At the end of the seminar, we hosted a 30-minute networking and discussion event over Zoom for those who wished to attend, allowing the viewer to engage with our speakers, ask questions and establish new collaborations. This event is designed to inspire you, to inform you, and to help connect you!

March 31st 2022: Rakeiora – generating a new precision medicine research infrastructure in NZ


New Zealand has many high quality precision medicine research programs involving genomic data from patients across a range of diseases. However, this research often proceeds as relatively small-scale projects, with virtually no supporting computational infrastructure and little potential for collaboration.

We have few equivalents to large overseas initiatives such as Genome England. Many of NZ’s precision medicine academic studies and clinical trials have inconsistent protection of participants, outdated ethical, legal and governance frameworks and little focus on Māori Treaty rights or Māori & Pacific health needs.

Rakeiora is an MBIE-funded project that aims to address these issues.
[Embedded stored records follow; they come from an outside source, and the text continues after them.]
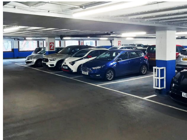
After: Light & Bright Interior Improvements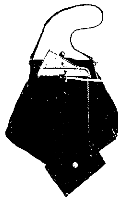
Beautifully soft Pama suede of pleasing brown makes this a most attractive and serviceable bag, lined with watered silk and fitted with dainty purse, mirror and powder puff. 52/6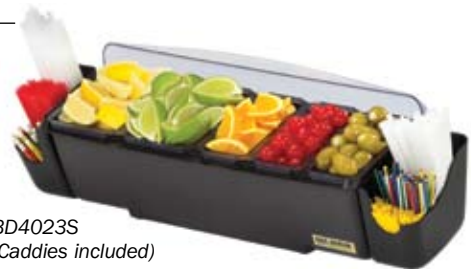
BD4023S (Caddies included)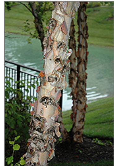
River Birch bark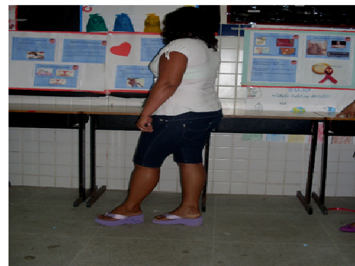
Figure 3. Presentation of the student seminar series on 8th sexual education and sexually transmitted diseases for high school classes and teachers.

This work was conducted in public school located in João Pessoa-PB, in the State School of Primary and Secondary Francisco Campos. We address the issue of Sex Education and its prevention of sexually transmitted diseases, then mentioned that one way to get a good quality sex life, and have information about their partners who are in physical contact. From this conversation with students from 8°-serie-EJA, treat the subject on prostitution and human behavior. In this present study we conducted on these issues, with contextualized lessons and discussions in class, in group's seminars and a workshop room with a view to promoting greater awareness of the issues. Figures 3 and 4 illustrate the seminars on Sexual Education and Sexual Life Quality in workshops presented to the school community.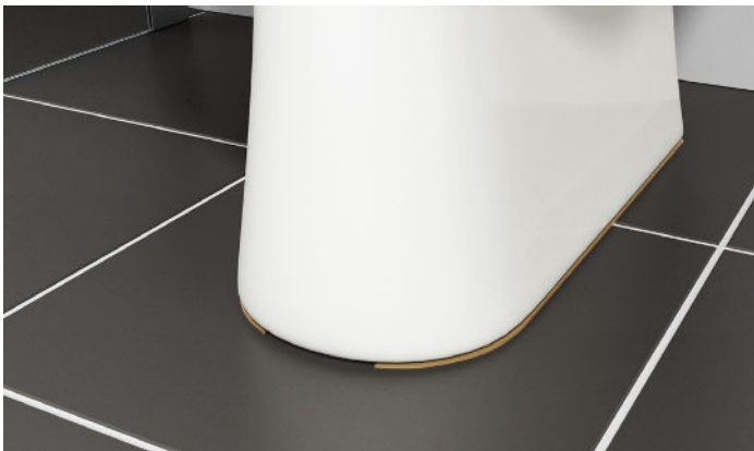
Cut off the excess strips using a knife and then seal with a silicone adhesive around the toilet.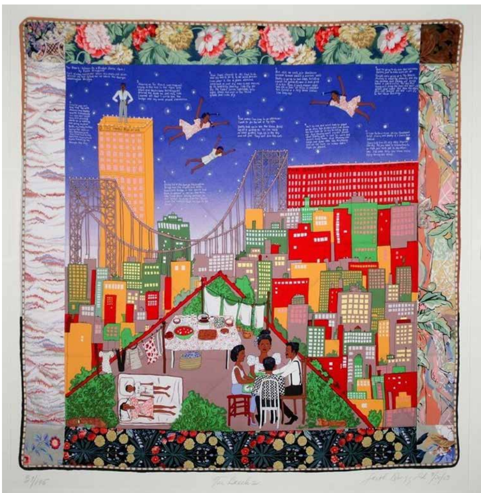
Faith Ringgold's Tar Beach encourages children to soar high and follow their dreams.

Monday 9:00AM-12:00PM Tuesday 9:00AM-6:00PM Wednesday 9:00AM-4:00PM Thursday 9:00AM-4:00PM Friday 9:00AM-3:00PM Saturday 1:30-4:00PM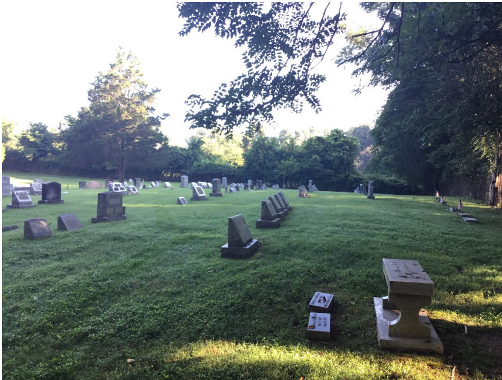
7. Cemetery from southeast corner, facing east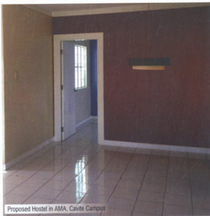
Proposed Hostel in AMA, Cavite Campus

Cavite is surrounded by Laguna province to the east, Metro Manila to the northeast, and Batangas province to the south. To the west lies the West Philippine Sea. Cavite is the second smallest province in the CALABARZON region.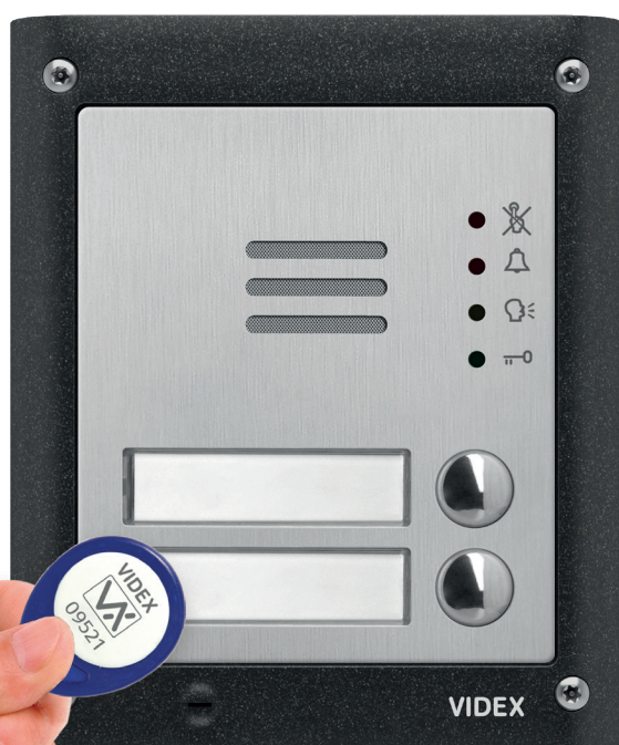
4504X-2/M with 1-module wall installation kit 4881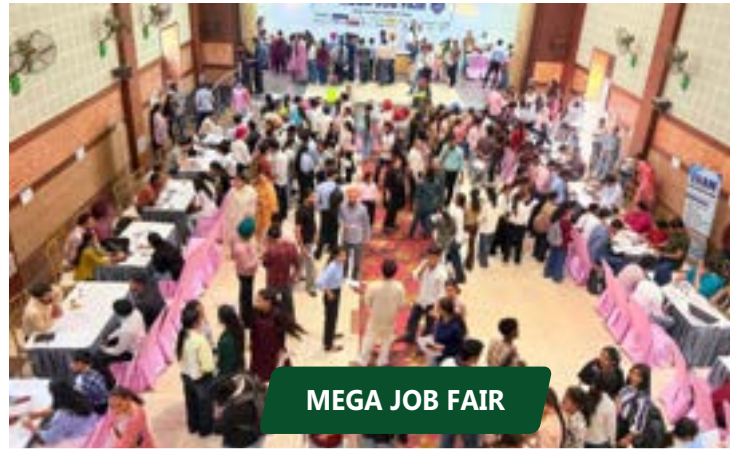
MEGA JOB FAIR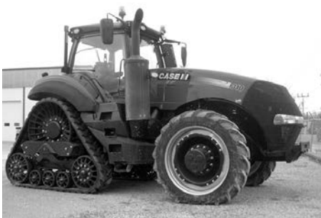
'15 Case IH Magnum 310 row trac, powershift, 1780 hrs., 6-rem., like new 16" tracks, 88" centers, $195,500.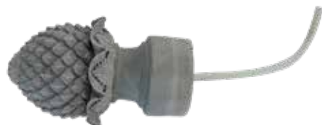
C. Fountain Top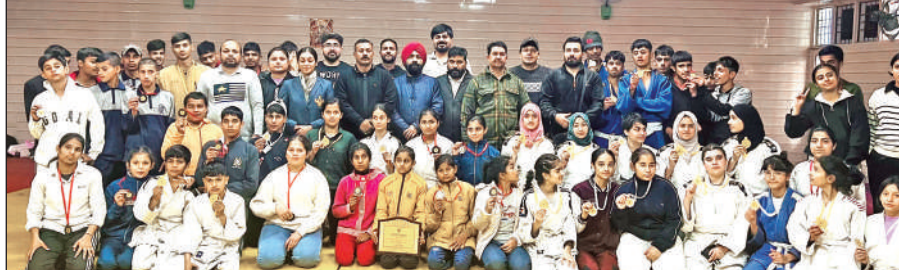
Medal winner players posing for a photograph with dignitaries.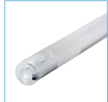
Central open tip, integral balloon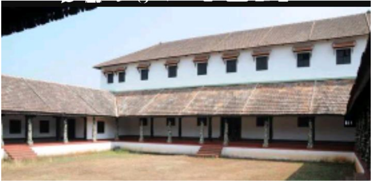
This is overview of Guttu house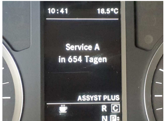
Figure 14: Documents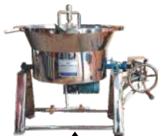
▲ S.S. 304 AUTOMATIC STEAM KHOYA/BURFI MACHINE Tilting (RANGE 120 LTRS. TO 400 LTRS.)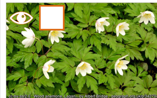
Wood Anemone "Wind Flower"

Old tree stumps and logs are a top habitat for fungus and beetles in woodlands.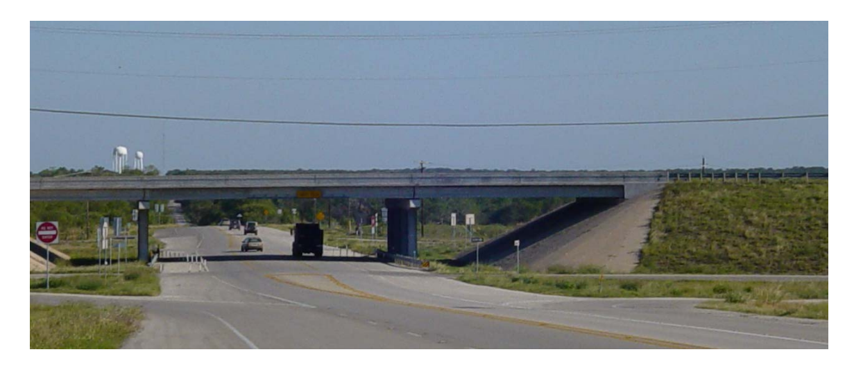
Continue on FM 812 past the "smiley face" water tower (photo)

You will cross Highway 21 (overpass) about half way down the 16 mile drive.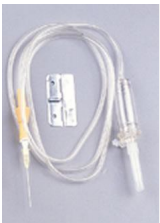
Cod. FORST332 PHLEBOCYCLE TUBES WITH RUBBER WITH NEEDLE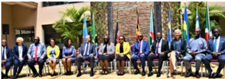
Group Photo : The 2022 Swedish-East African Chamber of Commerce Business and Investment Forum, officially opened by CS Trade Hon. Betty Maina in Nairobi on April 27, 2022

The 2022 Swedish-East African Chamber of Commerce Business and Investment Forum (SWEACC) took place in Nairobi, Kenya from April 27 to 28, 2022 and was officially opened by Hon. Betty Maina, Cabinet Secretary Ministry of Industrialization, Trade and Enterprise and Acting Cabinet Secretary, Ministry of East African Community and Regional Development.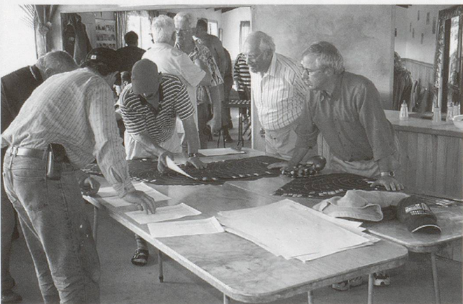
Finding a winner

It is building a prototype for a safe, well-governed and effective infrastructure in which NZ researchers can store, analyse and collaborate using national-scale human whole genome data sets linked to health records. Rakeiora will primarily enable precision medicine research and trials but will also facilitate clinical care. While

Rakeiora works with overseas programs such as Genome England, Gen3 and GA4GH to use the best international methods available, it is NZ-centric, focussed on co-innovation with Māori and is grounded in Te Tiriti and tikanga frameworks.